I push people away…
I have HIV and have had it for 5 years since I was 19 instead of telling people that try to get close to me I push them away and shut myself out… Most times I think of killing myself.
Anonymous on November 13th 2008 in Alone
I have HIV and have had it for 5 years since I was 19 instead of telling people that try to get close to me I push them away and shut myself out… Most times I think of killing myself.
Anonymous on November 13th 2008 in Alone
"prettyks**" said on 18 Nov 2008 at 6:23 pm # Quote
just tell them cuz even they get hurt when you do this to them.
Tony said on 19 Nov 2008 at 3:20 pm # Quote
Are you at all sexually active? I hope you are acting responsibly and protecting yourself and others from your condition.
There are from what I’ve read some treatments which indicate they can resolve your HIV condition.

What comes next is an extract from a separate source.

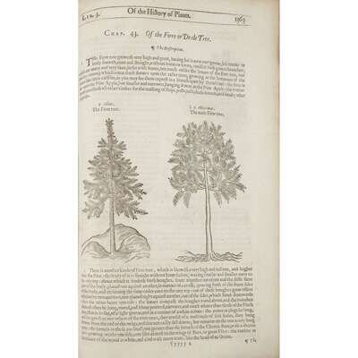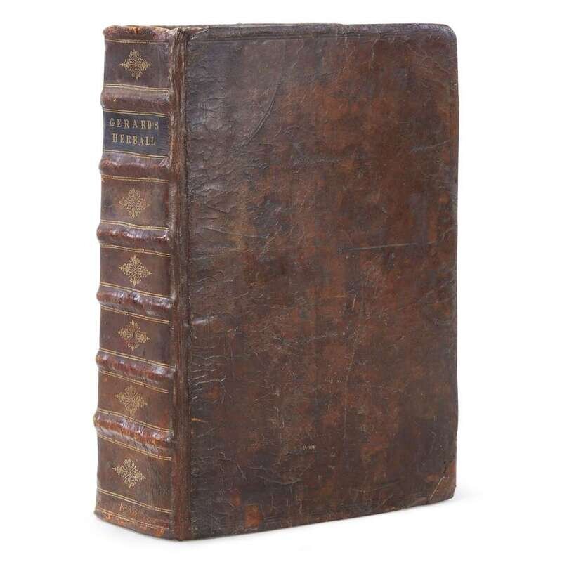 London: Adam Islip, Joyce Norton, and Richard Whitakers, 1633. Second edition. Folio. [38], 1-1630, [48]pp. Old calf, repaired and rebacked; spine in gilt; morocco spine label; new endpapers; in black and grey cloth fall-down-back box. Illustrated with an engraved title-page and 2,766 botanical woodcuts in text; some creasing and dampstaining, engraved title-page repaired and mounted on heavy paper, lacking front and rear blanks. STC 11751.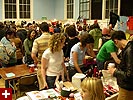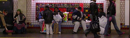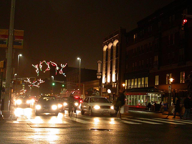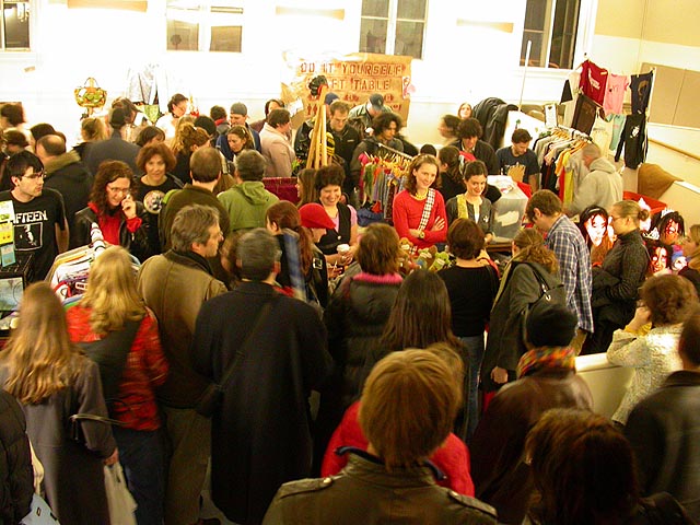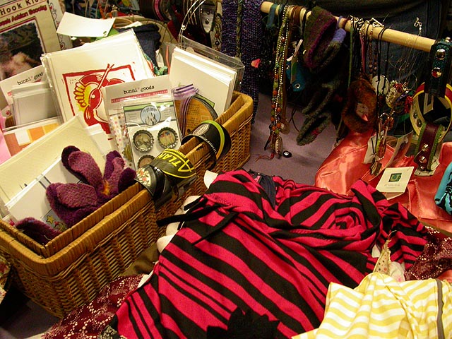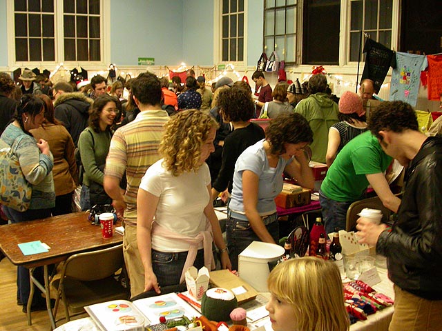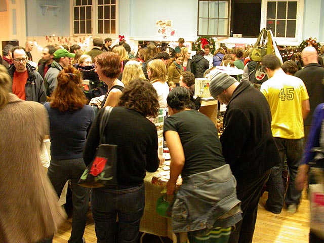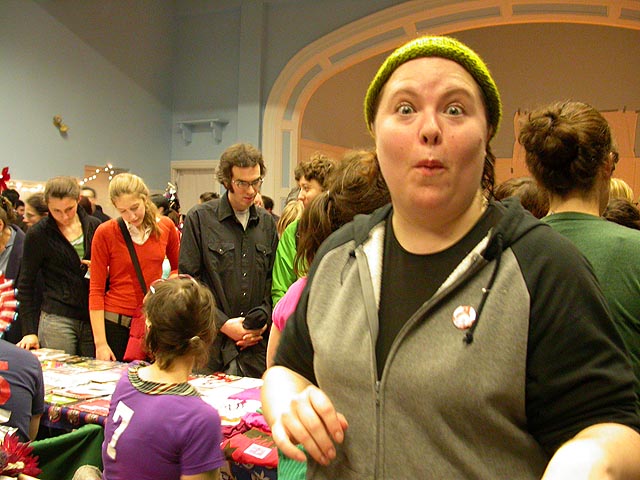 coming back, i decided to stop off at the annual holiday bazaar bizarre, the hipster crafts fair. normally it's held at the VFW hall in davis square (one of the epicenter of local hipsterdom), but this year they moved it to the YWCA in central square. i mistakenly went to the YMCA until i saw a sign pointing me in the opposite direction. when i got there, there was a small line outside. apparently there were so many people inside it was on the verge of violating their fire code for occupancy so we had to wait until some people come out before we could go in. once i got inside, it was ass-to-ass crowded with people, a sea of hipsters. i looked for shannon, who came all the way from cleveland to sell some wares. with my bag full of fruits i had a hard time negotiating between the tight squeeze of folks. the vendors were split up into 2 rooms, one oppressively warm, the other less so. i gave the place a quick look, then left without buying anything.

I hope that this is true and you avoid passing on to full blown aids. Its a horrible way to suffer.
God Bless You
heart transmission said on 23 Nov 2008 at 6:55 pm # Quote
ooh my goodness just let love in! forgive yourself. open your heart and share it, you deserve to get all of the love that you want and need, and everyone you love deserves to know and love you for everything that you are. don’t be afraid to reach out on behalf of your true self, and we all need each other to get by.
Michael said on 06 Dec 2008 at 1:09 pm # Quote
Seven years later I still wonder what my life would be like now if my then boyfriend would have loved himself enough to let me love him. He is HIV+ and I am not. It never mattered to me since be both understood the situation and took reasonable precautions. He would tell me that he would want to die if he infected me, but that wasn’t fair to me. I’m a big boy who understands what might happen. He may think he was protecting me from something but what really ended up happening was he made me hate him for years until I finally understood that he hated himself so much he wouldn’t let e love him. I still think about him and in many ways will never stop loving him. He was my first love and I feel cheated out of the years of happiness we could have had if he just loved himself enough to realize that becoming infected was not his fault; just unfortunate luck.